A cirurgia pode ser feita de maneira convencional, ou seja, abrindo a barriga, ou por via laparoscópica. Neste caso, através de dois furinhos, introduz-se uma microcâmara para orientar o procedimento.
 
Drauzio – Na verdade, o objetivo da cirurgia é estrangular a passagem do esôfago para o estômago a fim de impedir que o líquido estomacal reflua…
Marcelo Averbach – Não sei se a palavra é estrangular. O que se pretende é deixar a passagem o mais normal possível, evitando que o estômago permaneça fora de posição e, ao mesmo tempo, construir uma válvula para que o refluxo não ocorra.
 
Drauzio – Quais os casos em que a cirurgia é a melhor indicação?
Marcelo Averbach – São candidatos à cirurgia pacientes com refluxo que não querem ser tratados clinicamente. Às vezes, estão respondendo bem ao tratamento clínico, mas não estão dispostos a continuar respeitando as limitações que ele impõe. Querem deitar-se logo depois do jantar, comer os alimentos de que gostam, embora agravem os episódios de refluxo, e não querem tomar remédios diariamente. São candidatos também os pacientes que não respondem bem a ao tratamento clínico, apesar de seguirem todas as recomendações médicas.

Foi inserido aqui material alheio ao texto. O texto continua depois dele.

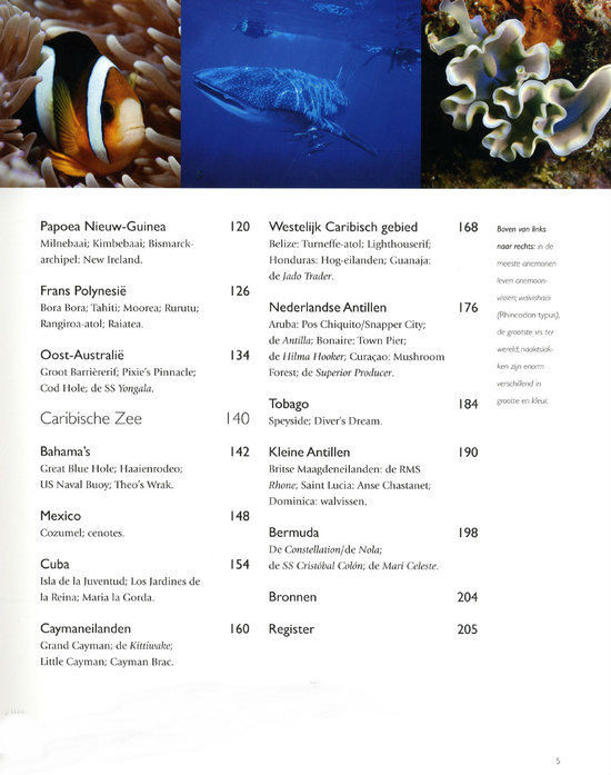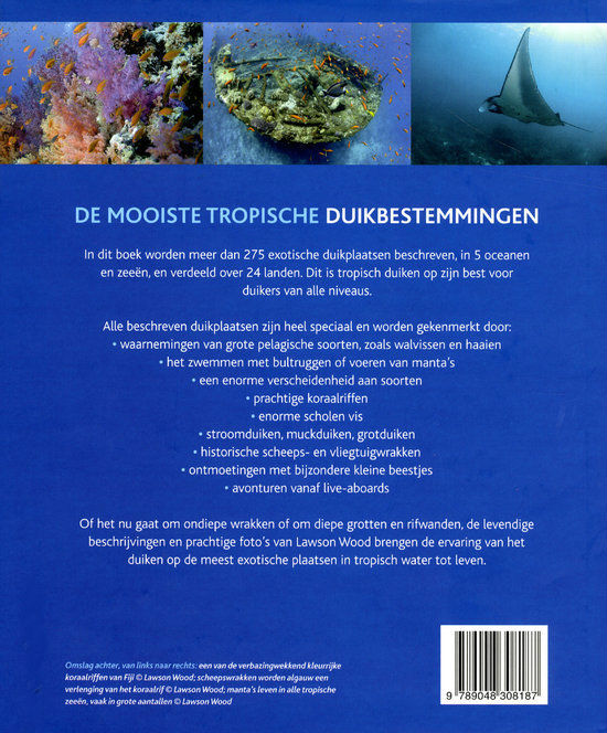 Wel 275 duikplaatsen worden beschreven in deze uitgave, allemaal tropische duikbestemmingen, in 24 landen. Het is bedoeld voor duikers van verschillende niveaus. Zowel beginners als gevorderden kunnen op de beschreven plekken terecht. Wrakken, grotten en koraalrifwanden worden beschreven en de prachtige kleurrijke foto's maken het een fraaie uitgave. De beschrijvingen van de plaatsen zijn soms wat kort, maar altijd ter zake doende. Met uitgebreid register, bronvermelding en vele websites van organisaties, tijdschriften, en websites over duiken en onderwaterfotografie. Ook met kaarten van de verschillende werelddelen om de duikplaatsen aan te geven. De auteur duikt al sinds 1965 en heeft meer dan 15.000 duiken gedaan. Hij heeft 45 boeken op zijn naam en is een bekende in de wereld van de onderwaterfotografie.

Não se pode esquecer, porém, de que o ácido subindo para o esôfago pode provocar esofagite de vários graus de intensidade. Quando muito grave, as células do revestimento do esôfago podem ser substituídas por outras com alteração na forma e no comportamento, dando origem a um tumor maligno. Apesar de poderem ser tratados clinicamente, esses pacientes são sérios candidatos à cirurgia para evitar que o ácido continue traumatizando o revestimento do esôfago.
Gostaria de enfatizar que de forma alguma indicamos cirurgia para todos os pacientes com refluxo gastroesofágico, mesmo porque sabemos que 7% da população (um número bastante expressivo) têm refluxo e sentem azia, queimação e o gosto do suco gástrico na boca. Na maior parte das vezes, porém, eles se automedicam, pois sabem que aquela pastilhinha branca alivia os sintomas.
 
Drauzio – Você poderia descrever as cirurgias endoscópicas?
Marcelo Averbach – Os procedimentos por endoscopia são indicados para os pacientes com refluxo que não tenham hérnia de hiato muito grande.
Através da própria endoscopia, é feita uma pequena sutura que dificulta a migração do suco gástrico para o esôfago. Esse método terapêutico permite também a colocação de alguns implantes especiais na transição entre o estômago e o esôfago. Como são procedimentos novos, não é grande o seguimento dos pacientes submetidos a esse tipo de tratamento, que parece ser boa opção para casos selecionados.
 
Drauzio – E a cirurgia laparoscópica?
Marcelo Averbach – O resultado da laparoscopia é exatamente o mesmo da cirurgia convencional: fecha-se a abertura por onde o esôfago passa para o abdômen e confecciona-se uma válvula, porém a agressão cirúrgica é muito menor. O paciente é internado num dia para o procedimento laparoscópico e, no máximo dois dias mais tarde, recebe alta e pode alimentar-se normalmente.
A laparoscopia é uma técnica cirúrgica minimamente invasiva e tem-se mostrado efetiva no controle do refluxo gastroesofágico.